Github user cestella commented on a diff in the pull request:
https://github.com/apache/metron/pull/1022#discussion_r190730655
--- Diff:
metron-platform/metron-elasticsearch/src/main/java/org/apache/metron/elasticsearch/writer/CachedFieldNameConverterFactory.java
---
@@ -0,0 +1,155 @@
+/**
+ * Licensed to the Apache Software Foundation (ASF) under one
+ * or more contributor license agreements. See the NOTICE file
+ * distributed with this work for additional information
+ * regarding copyright ownership. The ASF licenses this file
+ * to you under the Apache License, Version 2.0 (the
+ * "License"); you may not use this file except in compliance
+ * with the License. You may obtain a copy of the License at
+ *
+ * http://www.apache.org/licenses/LICENSE-2.0
+ *
+ * Unless required by applicable law or agreed to in writing, software
+ * distributed under the License is distributed on an "AS IS" BASIS,
+ * WITHOUT WARRANTIES OR CONDITIONS OF ANY KIND, either express or implied.
+ * See the License for the specific language governing permissions and
+ * limitations under the License.
+ */
+package org.apache.metron.elasticsearch.writer;
+
+import com.github.benmanes.caffeine.cache.Cache;
+import com.github.benmanes.caffeine.cache.Caffeine;
+import org.apache.commons.lang.ClassUtils;
+import org.apache.commons.lang3.StringUtils;
+import org.apache.commons.lang3.exception.ExceptionUtils;
+import org.apache.metron.common.configuration.writer.WriterConfiguration;
+import org.apache.metron.common.field.DeDotFieldNameConverter;
+import org.apache.metron.common.field.FieldNameConverter;
+import org.apache.metron.common.field.FieldNameConverters;
+import org.apache.metron.common.field.NoopFieldNameConverter;
+import org.slf4j.Logger;
+import org.slf4j.LoggerFactory;
+
+import java.lang.invoke.MethodHandles;
+import java.util.concurrent.TimeUnit;
+
+/**
+ * A {@link FieldNameConverterFactory} that is backed by a cache.
+ *
+ * <p>Each sensor type can use a different {@link FieldNameConverter}
implementation.
+ *
+ * <p>The {@link WriterConfiguration} allows a user to define the {@link
FieldNameConverter}
+ * that should be used for a given sensor type.
+ *
+ * <p>The {@link FieldNameConverter}s are maintained in a cache for a
fixed period of time
+ * after they are created. Once they expire, the {@link
WriterConfiguration} is used to
+ * reload the {@link FieldNameConverter}.
+ *
+ * <p>The user can change the {@link FieldNameConverter} in use at
runtime. A change
+ * to this configuration is recognized once the old {@link
FieldNameConverter} expires
+ * from the cache.
+ *
+ * <p>Defining a shorter expiration interval allows config changes to be
recognized more
+ * quickly, but also can impact performance negatively.
+ */
+public class CachedFieldNameConverterFactory implements
FieldNameConverterFactory {
+
+ private static final Logger LOG =
LoggerFactory.getLogger(MethodHandles.lookup().lookupClass());
+
+ /**
+ * A cache that contains a {@link FieldNameConverter} for each sensor
type.
+ *
+ * A user can alter the {@link FieldNameConverter} for a given sensor at
any time
+ * by altering the Indexing configuration.

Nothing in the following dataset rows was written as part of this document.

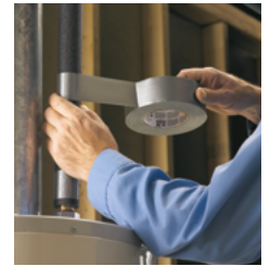
Installing and repairing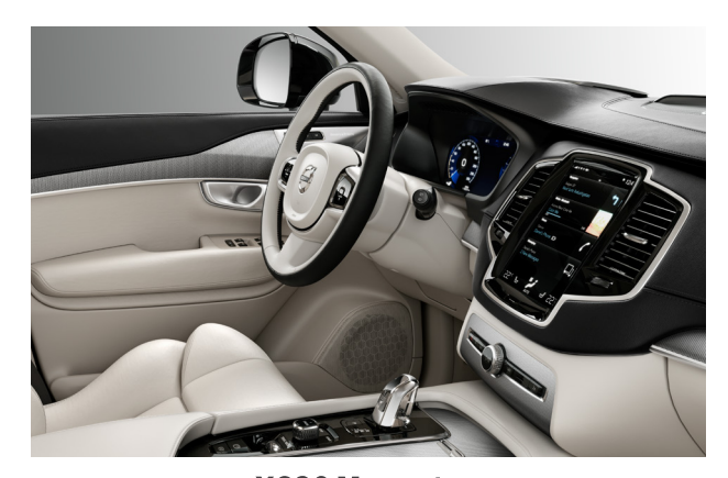
XC90 Momentum Nappa Leather Blond in Blond interior Contour Seat, Metal Mesh trim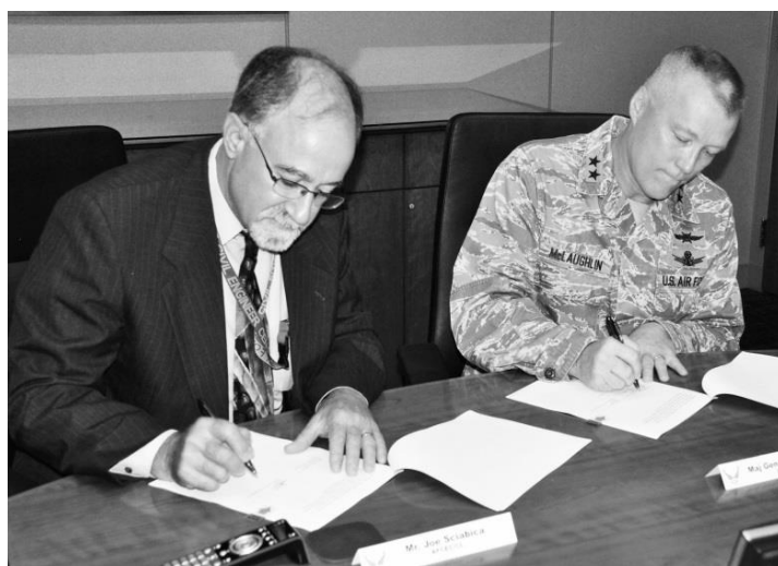
Mr. Joe Sciabica and Maj. Gen. J. Kevin McLaughlin sign an Air Force Civil Engineer Center-Air Forces Cyber collaboration agreement. The initiative is designed to enhance the security of industrial control systems that support critical Air Force infrastructures around the world.

The actual {@link
FieldNameConverter}
+ * in use for a given sensor will only change once the original
converter has
+ * expired from the cache.
+ */
+ private Cache<String, FieldNameConverter> fieldNameConverters;
+
+ /**
+ * Creates a {@link CachedFieldNameConverterFactory}.
+ *
+ * @param expires The duration before {@link FieldNameConverter}s are
expired.
+ * @param expiresUnits The units before {@link FieldNameConverter}s are
expired.
+ */
+ public CachedFieldNameConverterFactory(int expires, TimeUnit
expiresUnits) {
+
+ fieldNameConverters = createFieldNameConverterCache(expires,
expiresUnits);
+ }
+
+ /**
+ * Creates a {@link CachedFieldNameConverterFactory} where the cache
expires after 5 minutes.
+ */
+ public CachedFieldNameConverterFactory() {
+
+ this(5, TimeUnit.MINUTES);
+ }
+
+ /**
+ * Creates a {@link CachedFieldNameConverterFactory} using the given
cache. This should only
+ * be used for testing.
+ *
+ * @param fieldNameConverters A {@link Cache} containing {@link
FieldNameConverter}s.
+ */
+ public CachedFieldNameConverterFactory(Cache<String, FieldNameConverter>
fieldNameConverters) {
+
+ this.fieldNameConverters = fieldNameConverters;
+ }
+
+ /**
+ * Creates a cache of {@link FieldNameConverter}s, one for each source
type.
+ *
+ * @return A cache of {@link FieldNameConverter}s.
+ */
+ private Cache<String, FieldNameConverter>
createFieldNameConverterCache(int expire, TimeUnit expireUnits) {
+
+ return Caffeine
+ .newBuilder()
+ .expireAfterWrite(expire, expireUnits)
+ .build();
+ }
+
+ /**
+ * Create a new {@link FieldNameConverter}.
+ *
+ * @param sensorType The type of sensor.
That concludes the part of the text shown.